──────── Supplied material
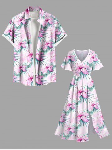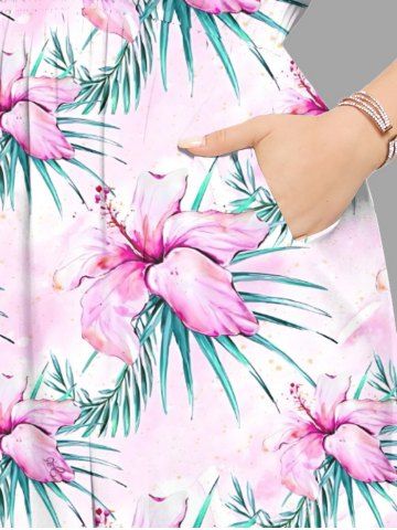 Plus Size Hibiscus Flowers Tropical Leaf Print Split Hawaii Midi Dress - Light Pink - 6x
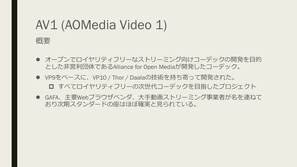 AV1 (AOMedia Video 1) 概要 ⚫ オープンでロイヤリティフリーなストリーミング向けコーデックの開発を目的 とした非営利団体であるAlliance for Open
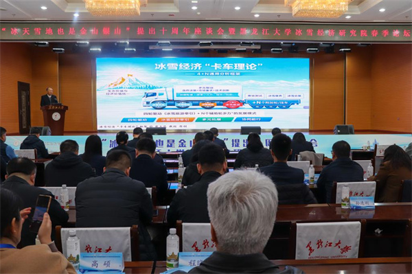 黑龙江大学冰雪经济研究院执行院长、首席专家崔玉范以《从重要论述到龙江答卷》为题作主旨报告,深入阐释了“冰天雪地也是金山银山”的理念内涵,系统总结了黑龙江践行理念的实践探索与发展问题,简要介绍了黑龙江大学在冰雪经济领域的研究基础与成果,并发布了“冰雪文化四层内涵”理论和冰雪经济“卡车理论”。
────────────────
◆ **Required action**
Your copy of the material above should be exact and free of pictures.

◆ **Your response**
 Plus Size Hibiscus Flowers Tropical Leaf Print Split Hawaii Midi Dress - Light Pink - 6x
 AV1 (AOMedia Video 1) 概要 ⚫ オープンでロイヤリティフリーなストリーミング向けコーデックの開発を目的 とした非営利団体であるAlliance for Open
 黑龙江大学冰雪经济研究院执行院长、首席专家崔玉范以《从重要论述到龙江答卷》为题作主旨报告,深入阐释了“冰天雪地也是金山银山”的理念内涵,系统总结了黑龙江践行理念的实践探索与发展问题,简要介绍了黑龙江大学在冰雪经济领域的研究基础与成果,并发布了“冰雪文化四层内涵”理论和冰雪经济“卡车理论”。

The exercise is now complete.